-------- Provided information --------
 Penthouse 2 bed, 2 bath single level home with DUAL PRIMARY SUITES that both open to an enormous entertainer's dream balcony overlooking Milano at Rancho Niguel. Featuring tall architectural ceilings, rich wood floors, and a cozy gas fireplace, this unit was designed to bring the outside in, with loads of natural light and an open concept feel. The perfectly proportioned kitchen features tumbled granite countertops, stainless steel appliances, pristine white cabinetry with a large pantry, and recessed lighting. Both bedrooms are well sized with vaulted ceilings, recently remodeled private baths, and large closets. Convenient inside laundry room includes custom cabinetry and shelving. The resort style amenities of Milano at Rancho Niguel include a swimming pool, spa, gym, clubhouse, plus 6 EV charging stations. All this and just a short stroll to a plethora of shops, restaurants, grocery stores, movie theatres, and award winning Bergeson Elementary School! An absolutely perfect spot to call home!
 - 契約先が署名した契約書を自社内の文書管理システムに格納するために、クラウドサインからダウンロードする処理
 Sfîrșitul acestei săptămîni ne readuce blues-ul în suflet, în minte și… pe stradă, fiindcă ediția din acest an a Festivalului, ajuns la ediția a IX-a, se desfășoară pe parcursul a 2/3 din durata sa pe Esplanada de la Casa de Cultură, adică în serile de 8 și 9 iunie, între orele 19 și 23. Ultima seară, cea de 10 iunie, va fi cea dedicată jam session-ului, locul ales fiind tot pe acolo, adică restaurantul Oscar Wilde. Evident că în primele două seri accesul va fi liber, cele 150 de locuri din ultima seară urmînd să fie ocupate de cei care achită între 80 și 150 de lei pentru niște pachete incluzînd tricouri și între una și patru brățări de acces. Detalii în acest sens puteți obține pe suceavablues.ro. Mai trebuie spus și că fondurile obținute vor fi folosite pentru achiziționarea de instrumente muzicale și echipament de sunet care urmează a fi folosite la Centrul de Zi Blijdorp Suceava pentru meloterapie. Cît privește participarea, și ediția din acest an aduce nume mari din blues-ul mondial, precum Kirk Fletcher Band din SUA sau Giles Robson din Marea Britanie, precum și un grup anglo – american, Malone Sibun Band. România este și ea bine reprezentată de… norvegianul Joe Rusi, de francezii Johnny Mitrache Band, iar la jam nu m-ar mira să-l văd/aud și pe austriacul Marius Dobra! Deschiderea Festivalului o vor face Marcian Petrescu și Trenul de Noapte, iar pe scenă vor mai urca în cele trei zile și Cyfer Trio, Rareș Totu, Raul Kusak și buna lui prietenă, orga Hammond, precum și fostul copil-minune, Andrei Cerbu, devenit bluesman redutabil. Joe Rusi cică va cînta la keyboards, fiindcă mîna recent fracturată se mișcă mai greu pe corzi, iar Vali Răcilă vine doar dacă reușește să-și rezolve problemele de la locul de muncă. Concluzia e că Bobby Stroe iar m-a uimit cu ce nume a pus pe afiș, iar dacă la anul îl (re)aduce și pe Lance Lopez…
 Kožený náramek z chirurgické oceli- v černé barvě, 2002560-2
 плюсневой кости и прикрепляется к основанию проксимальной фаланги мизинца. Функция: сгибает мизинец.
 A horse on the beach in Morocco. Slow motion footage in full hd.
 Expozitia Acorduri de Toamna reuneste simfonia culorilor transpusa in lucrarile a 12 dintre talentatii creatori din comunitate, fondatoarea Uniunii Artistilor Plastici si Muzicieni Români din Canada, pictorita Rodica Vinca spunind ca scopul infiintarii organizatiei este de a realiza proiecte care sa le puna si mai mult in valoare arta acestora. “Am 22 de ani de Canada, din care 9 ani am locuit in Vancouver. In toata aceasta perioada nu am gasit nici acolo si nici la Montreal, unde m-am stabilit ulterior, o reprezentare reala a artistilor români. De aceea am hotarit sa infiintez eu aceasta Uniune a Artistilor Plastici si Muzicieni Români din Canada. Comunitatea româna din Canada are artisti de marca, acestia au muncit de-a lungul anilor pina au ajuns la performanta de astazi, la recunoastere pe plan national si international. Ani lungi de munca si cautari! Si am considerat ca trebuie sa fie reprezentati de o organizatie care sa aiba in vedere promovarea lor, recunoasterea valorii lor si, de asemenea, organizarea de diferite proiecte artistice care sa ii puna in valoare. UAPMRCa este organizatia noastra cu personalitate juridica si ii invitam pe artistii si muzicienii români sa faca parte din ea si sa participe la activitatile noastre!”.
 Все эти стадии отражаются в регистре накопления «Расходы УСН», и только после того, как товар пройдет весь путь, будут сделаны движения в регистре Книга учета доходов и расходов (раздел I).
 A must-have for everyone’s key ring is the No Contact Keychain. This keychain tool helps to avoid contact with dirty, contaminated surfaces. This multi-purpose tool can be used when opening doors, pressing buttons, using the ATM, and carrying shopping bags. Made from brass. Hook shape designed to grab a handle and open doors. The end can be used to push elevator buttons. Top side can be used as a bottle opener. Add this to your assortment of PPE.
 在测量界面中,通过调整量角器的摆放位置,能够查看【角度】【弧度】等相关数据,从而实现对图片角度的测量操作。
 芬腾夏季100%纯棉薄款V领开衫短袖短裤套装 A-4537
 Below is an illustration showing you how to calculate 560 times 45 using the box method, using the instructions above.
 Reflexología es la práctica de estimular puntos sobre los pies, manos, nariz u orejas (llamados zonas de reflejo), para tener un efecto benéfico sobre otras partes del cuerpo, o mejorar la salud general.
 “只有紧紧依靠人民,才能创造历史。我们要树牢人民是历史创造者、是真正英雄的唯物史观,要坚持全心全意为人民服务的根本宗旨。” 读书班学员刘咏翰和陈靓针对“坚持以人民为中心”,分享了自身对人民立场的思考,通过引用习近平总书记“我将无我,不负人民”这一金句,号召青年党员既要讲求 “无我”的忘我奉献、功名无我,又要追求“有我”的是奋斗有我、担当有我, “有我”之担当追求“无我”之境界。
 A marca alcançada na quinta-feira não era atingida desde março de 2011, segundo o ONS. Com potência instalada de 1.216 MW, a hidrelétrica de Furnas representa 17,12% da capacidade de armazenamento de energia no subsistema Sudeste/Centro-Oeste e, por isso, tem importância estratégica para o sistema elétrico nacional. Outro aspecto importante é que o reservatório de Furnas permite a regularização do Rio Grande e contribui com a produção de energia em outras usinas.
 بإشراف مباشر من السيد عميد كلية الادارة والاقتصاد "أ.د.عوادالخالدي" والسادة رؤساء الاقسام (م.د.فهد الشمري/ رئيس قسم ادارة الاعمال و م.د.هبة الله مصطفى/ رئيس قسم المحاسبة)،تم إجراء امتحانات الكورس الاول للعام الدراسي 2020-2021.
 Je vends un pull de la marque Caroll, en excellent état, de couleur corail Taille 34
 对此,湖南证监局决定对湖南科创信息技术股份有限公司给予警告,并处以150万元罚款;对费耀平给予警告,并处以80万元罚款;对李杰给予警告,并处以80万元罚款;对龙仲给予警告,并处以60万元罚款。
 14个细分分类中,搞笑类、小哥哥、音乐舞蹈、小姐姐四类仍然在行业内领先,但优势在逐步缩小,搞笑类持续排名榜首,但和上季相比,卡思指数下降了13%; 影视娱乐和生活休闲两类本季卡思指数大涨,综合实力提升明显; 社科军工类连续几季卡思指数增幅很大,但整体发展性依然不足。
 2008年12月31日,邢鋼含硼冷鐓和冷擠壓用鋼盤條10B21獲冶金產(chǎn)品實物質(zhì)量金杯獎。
--------
Goal of the exercise:
What you give back should match the entries above exactly.

Result of this task:
 Penthouse 2 bed, 2 bath single level home with DUAL PRIMARY SUITES that both open to an enormous entertainer's dream balcony overlooking Milano at Rancho Niguel. Featuring tall architectural ceilings, rich wood floors, and a cozy gas fireplace, this unit was designed to bring the outside in, with loads of natural light and an open concept feel. The perfectly proportioned kitchen features tumbled granite countertops, stainless steel appliances, pristine white cabinetry with a large pantry, and recessed lighting. Both bedrooms are well sized with vaulted ceilings, recently remodeled private baths, and large closets. Convenient inside laundry room includes custom cabinetry and shelving. The resort style amenities of Milano at Rancho Niguel include a swimming pool, spa, gym, clubhouse, plus 6 EV charging stations. All this and just a short stroll to a plethora of shops, restaurants, grocery stores, movie theatres, and award winning Bergeson Elementary School! An absolutely perfect spot to call home!
 - 契約先が署名した契約書を自社内の文書管理システムに格納するために、クラウドサインからダウンロードする処理
 Sfîrșitul acestei săptămîni ne readuce blues-ul în suflet, în minte și… pe stradă, fiindcă ediția din acest an a Festivalului, ajuns la ediția a IX-a, se desfășoară pe parcursul a 2/3 din durata sa pe Esplanada de la Casa de Cultură, adică în serile de 8 și 9 iunie, între orele 19 și 23. Ultima seară, cea de 10 iunie, va fi cea dedicată jam session-ului, locul ales fiind tot pe acolo, adică restaurantul Oscar Wilde. Evident că în primele două seri accesul va fi liber, cele 150 de locuri din ultima seară urmînd să fie ocupate de cei care achită între 80 și 150 de lei pentru niște pachete incluzînd tricouri și între una și patru brățări de acces. Detalii în acest sens puteți obține pe suceavablues.ro. Mai trebuie spus și că fondurile obținute vor fi folosite pentru achiziționarea de instrumente muzicale și echipament de sunet care urmează a fi folosite la Centrul de Zi Blijdorp Suceava pentru meloterapie. Cît privește participarea, și ediția din acest an aduce nume mari din blues-ul mondial, precum Kirk Fletcher Band din SUA sau Giles Robson din Marea Britanie, precum și un grup anglo – american, Malone Sibun Band. România este și ea bine reprezentată de… norvegianul Joe Rusi, de francezii Johnny Mitrache Band, iar la jam nu m-ar mira să-l văd/aud și pe austriacul Marius Dobra! Deschiderea Festivalului o vor face Marcian Petrescu și Trenul de Noapte, iar pe scenă vor mai urca în cele trei zile și Cyfer Trio, Rareș Totu, Raul Kusak și buna lui prietenă, orga Hammond, precum și fostul copil-minune, Andrei Cerbu, devenit bluesman redutabil. Joe Rusi cică va cînta la keyboards, fiindcă mîna recent fracturată se mișcă mai greu pe corzi, iar Vali Răcilă vine doar dacă reușește să-și rezolve problemele de la locul de muncă. Concluzia e că Bobby Stroe iar m-a uimit cu ce nume a pus pe afiș, iar dacă la anul îl (re)aduce și pe Lance Lopez…
 Kožený náramek z chirurgické oceli- v černé barvě, 2002560-2
 плюсневой кости и прикрепляется к основанию проксимальной фаланги мизинца. Функция: сгибает мизинец.
 A horse on the beach in Morocco. Slow motion footage in full hd.
 Expozitia Acorduri de Toamna reuneste simfonia culorilor transpusa in lucrarile a 12 dintre talentatii creatori din comunitate, fondatoarea Uniunii Artistilor Plastici si Muzicieni Români din Canada, pictorita Rodica Vinca spunind ca scopul infiintarii organizatiei este de a realiza proiecte care sa le puna si mai mult in valoare arta acestora. “Am 22 de ani de Canada, din care 9 ani am locuit in Vancouver. In toata aceasta perioada nu am gasit nici acolo si nici la Montreal, unde m-am stabilit ulterior, o reprezentare reala a artistilor români. De aceea am hotarit sa infiintez eu aceasta Uniune a Artistilor Plastici si Muzicieni Români din Canada. Comunitatea româna din Canada are artisti de marca, acestia au muncit de-a lungul anilor pina au ajuns la performanta de astazi, la recunoastere pe plan national si international. Ani lungi de munca si cautari! Si am considerat ca trebuie sa fie reprezentati de o organizatie care sa aiba in vedere promovarea lor, recunoasterea valorii lor si, de asemenea, organizarea de diferite proiecte artistice care sa ii puna in valoare. UAPMRCa este organizatia noastra cu personalitate juridica si ii invitam pe artistii si muzicienii români sa faca parte din ea si sa participe la activitatile noastre!”.
 Все эти стадии отражаются в регистре накопления «Расходы УСН», и только после того, как товар пройдет весь путь, будут сделаны движения в регистре Книга учета доходов и расходов (раздел I).
 A must-have for everyone’s key ring is the No Contact Keychain. This keychain tool helps to avoid contact with dirty, contaminated surfaces. This multi-purpose tool can be used when opening doors, pressing buttons, using the ATM, and carrying shopping bags. Made from brass. Hook shape designed to grab a handle and open doors. The end can be used to push elevator buttons. Top side can be used as a bottle opener. Add this to your assortment of PPE.
 在测量界面中,通过调整量角器的摆放位置,能够查看【角度】【弧度】等相关数据,从而实现对图片角度的测量操作。
 芬腾夏季100%纯棉薄款V领开衫短袖短裤套装 A-4537
 Below is an illustration showing you how to calculate 560 times 45 using the box method, using the instructions above.
 Reflexología es la práctica de estimular puntos sobre los pies, manos, nariz u orejas (llamados zonas de reflejo), para tener un efecto benéfico sobre otras partes del cuerpo, o mejorar la salud general.
 “只有紧紧依靠人民,才能创造历史。我们要树牢人民是历史创造者、是真正英雄的唯物史观,要坚持全心全意为人民服务的根本宗旨。” 读书班学员刘咏翰和陈靓针对“坚持以人民为中心”,分享了自身对人民立场的思考,通过引用习近平总书记“我将无我,不负人民”这一金句,号召青年党员既要讲求 “无我”的忘我奉献、功名无我,又要追求“有我”的是奋斗有我、担当有我, “有我”之担当追求“无我”之境界。
 A marca alcançada na quinta-feira não era atingida desde março de 2011, segundo o ONS. Com potência instalada de 1.216 MW, a hidrelétrica de Furnas representa 17,12% da capacidade de armazenamento de energia no subsistema Sudeste/Centro-Oeste e, por isso, tem importância estratégica para o sistema elétrico nacional. Outro aspecto importante é que o reservatório de Furnas permite a regularização do Rio Grande e contribui com a produção de energia em outras usinas.
 بإشراف مباشر من السيد عميد كلية الادارة والاقتصاد "أ.د.عوادالخالدي" والسادة رؤساء الاقسام (م.د.فهد الشمري/ رئيس قسم ادارة الاعمال و م.د.هبة الله مصطفى/ رئيس قسم المحاسبة)،تم إجراء امتحانات الكورس الاول للعام الدراسي 2020-2021.
 Je vends un pull de la marque Caroll, en excellent état, de couleur corail Taille 34
 对此,湖南证监局决定对湖南科创信息技术股份有限公司给予警告,并处以150万元罚款;对费耀平给予警告,并处以80万元罚款;对李杰给予警告,并处以80万元罚款;对龙仲给予警告,并处以60万元罚款。
 14个细分分类中,搞笑类、小哥哥、音乐舞蹈、小姐姐四类仍然在行业内领先,但优势在逐步缩小,搞笑类持续排名榜首,但和上季相比,卡思指数下降了13%; 影视娱乐和生活休闲两类本季卡思指数大涨,综合实力提升明显; 社科军工类连续几季卡思指数增幅很大,但整体发展性依然不足。
 2008年12月31日,邢鋼含硼冷鐓和冷擠壓用鋼盤條10B21獲冶金產(chǎn)品實物質(zhì)量金杯獎。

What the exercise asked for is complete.